Despite these moves, the language most commonly heard in public (at least outside the Marathi-dominated former cotton mill belt) is, arguably, Hindi. While the city has a sizeable population with roots in Hindi-speaking North India, the use of Hindi extends well beyond this community. Indeed, Mumbai is famous for its “Bambaiya” variety which has been celebrated as a “mongrel language” by historian Gyan Prakash and functions as a lingua franca across the city. More than one North Indian acquaintance has admitted to me that mastering the nuances of Bambaiya felt more of a priority than learning Marathi when they settled in Mumbai.

Again, speaking as a monolingually-raised Brit, the idea of London or any other British city functioning in a language other than English is hard to imagine. Equally hard to imagine is London as the centre of a world-famous French or German film industry. I therefore forgive my 18-year old self, arriving in Mumbai for the first time in 2003, for assuming that Bollywood produced Marathi films. Actually, the most accurate label for the language of Bollywood films is a matter of ongoing debate. Hindi? Hindustani? Some even suggest Urdu, and arguably the fact that Bollywood gets dragged into cross-border politics with Pakistan is an indirect consequence of the linguistic (if not cultural) unity of Hindi and Urdu.

Anarkali

Poster for Anarkali with Hindi, English and Urdu text (credit: media.vam.ac.uk)

Meanwhile, the more explicitly linguistic brand of identity politics that Mumbai continues to experience has faint parallels in London. Ethnolinguistic identity is increasingly coming under the spotlight in the wake of the “Brexit” vote to leave the European Union. Successive British governments have demonised those immigrants not yet able to speak English, while in 2016 PM Theresa May damned cosmopolitanism everywhere by proclaiming that “If you believe you are a citizen of the world you are a citizen of nowhere.”

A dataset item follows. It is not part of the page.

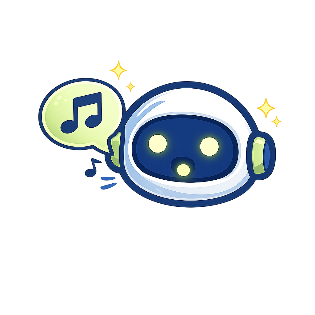 A charming cartoon robot in a space suit, with a cheerful expression and a music note bubble, radiating fun and creativity.
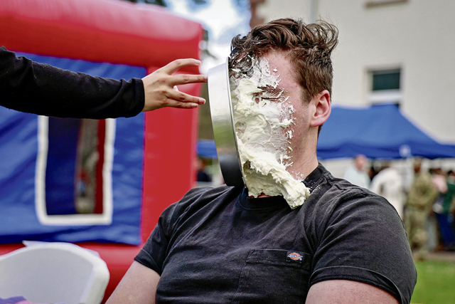 U.S. Army Spc. Darius Norris, intelligence analyst, G2, 21st Theater Sustainment Command, gets a pie thrown in his face at the 21st Special Troops Battalion Eggstravaganza on Panzer Kaserne, Kaiserslautern, Germany, on April 4, 2024. The Eggstravaganza is an annual event for Service Members, DoD civilians, and their families to play games, enjoy food and participate in multiple events. (U.S. Army photo by Spc. Samuel Signor)

So far, neither city seems to be losing linguistic richness as a result. London retains the edge in terms of number and diversity of languages spoken, although in practical terms it is dominated by English. In Mumbai linguistic capital is more evenly distributed. English may be essential for getting ahead, but Marathi remains the most widely spoken mother tongue, and its importance in greasing the wheels of diplomacy is perhaps growing. And regarding Hindi, I’ll let Sangeeta have the (almost) last word: “in times of crisis and riots, Bollywood binds Mumbai together. Everybody speaks Hindi. Everybody understands Hindi songs.” Not, I suspect, entirely accurate, but nevertheless profoundly sincere.